**Task requirements**
Once you find the line below that has "Cama box spring", output it and every line after it exactly, stopping after the line that has "beach, green ju", with no pictures.

**Extracted data**

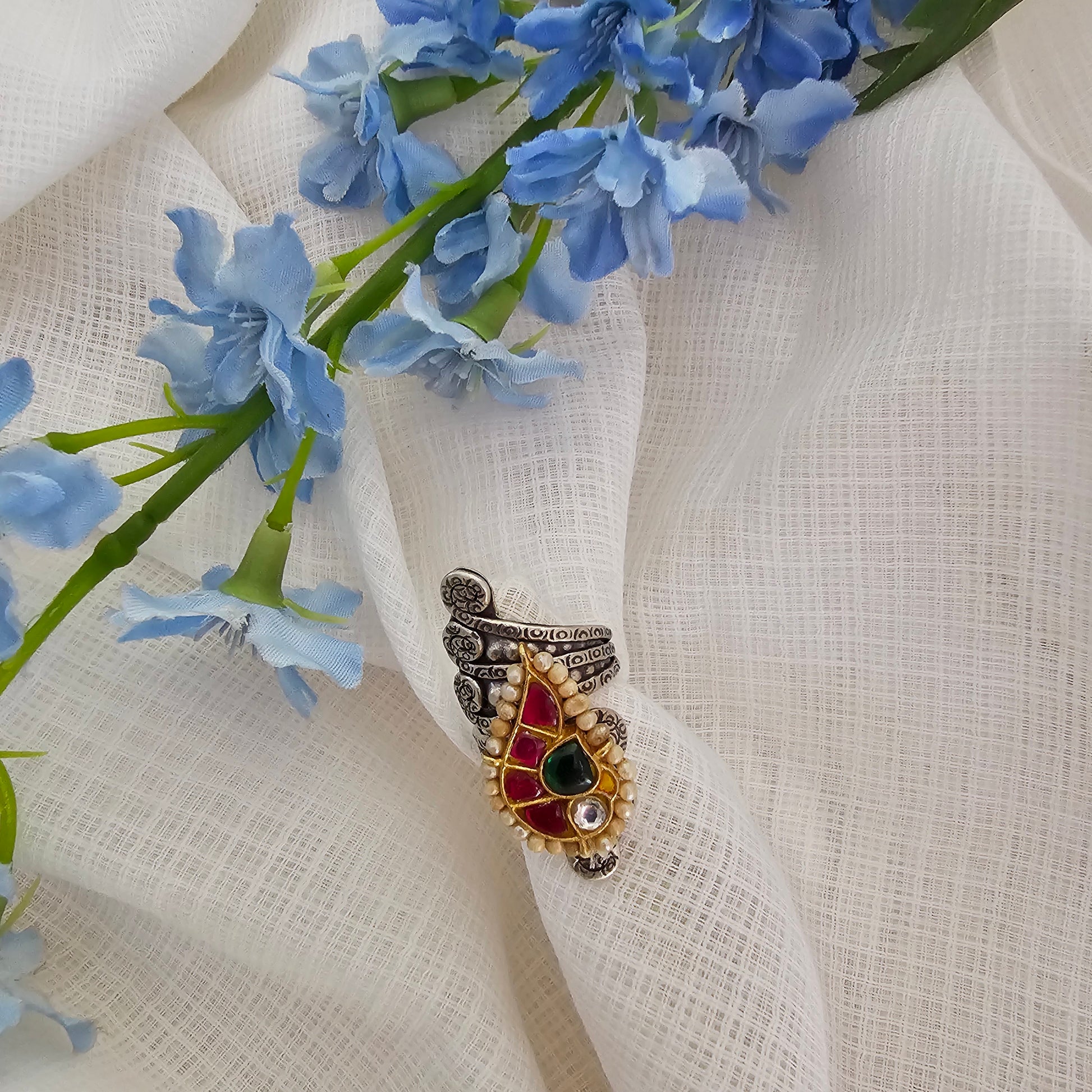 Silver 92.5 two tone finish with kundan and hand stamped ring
==
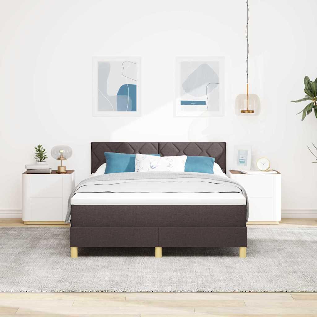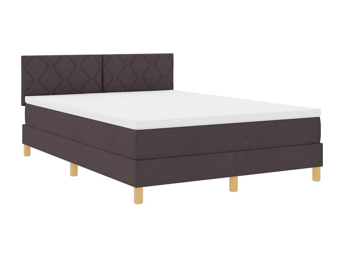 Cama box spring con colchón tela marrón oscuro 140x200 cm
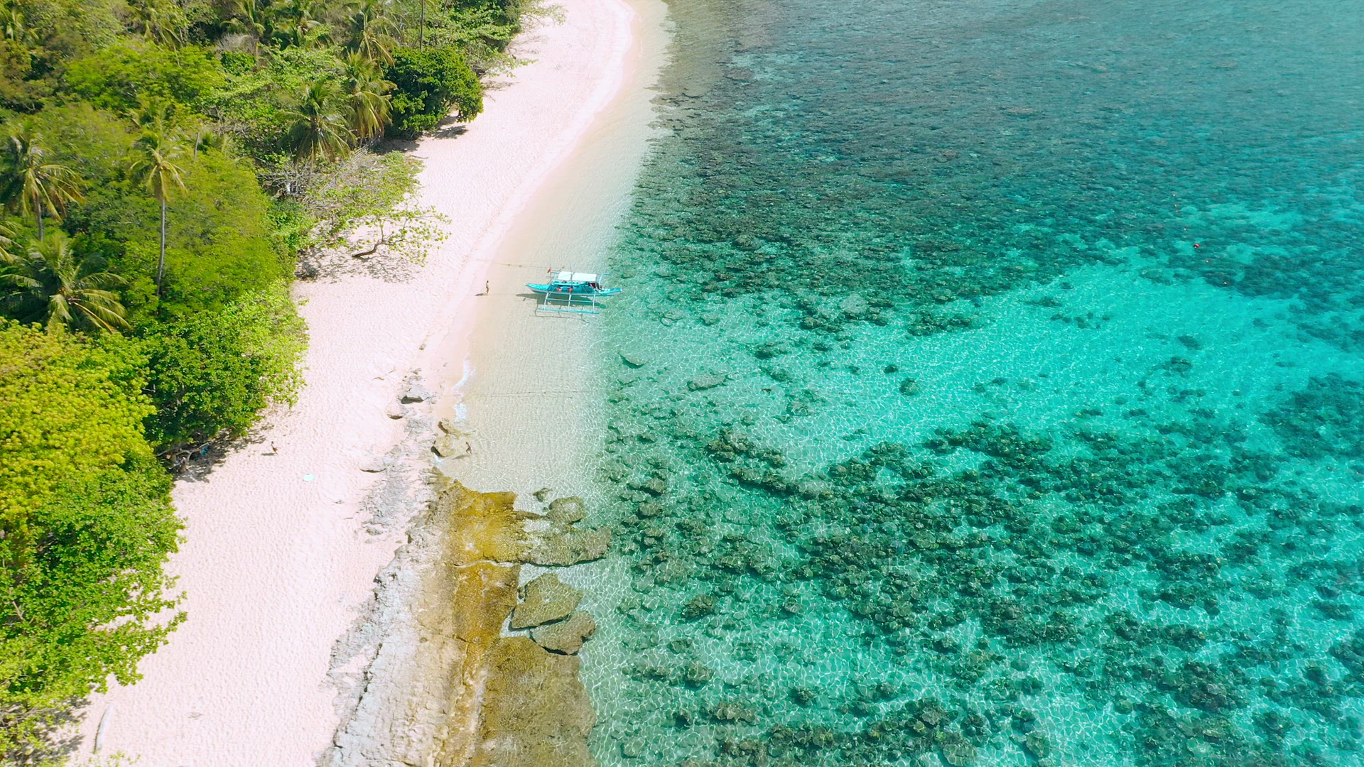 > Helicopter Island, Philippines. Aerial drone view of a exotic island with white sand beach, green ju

**Exercise result**
 Cama box spring con colchón tela marrón oscuro 140x200 cm
 > Helicopter Island, Philippines. Aerial drone view of a exotic island with white sand beach, green ju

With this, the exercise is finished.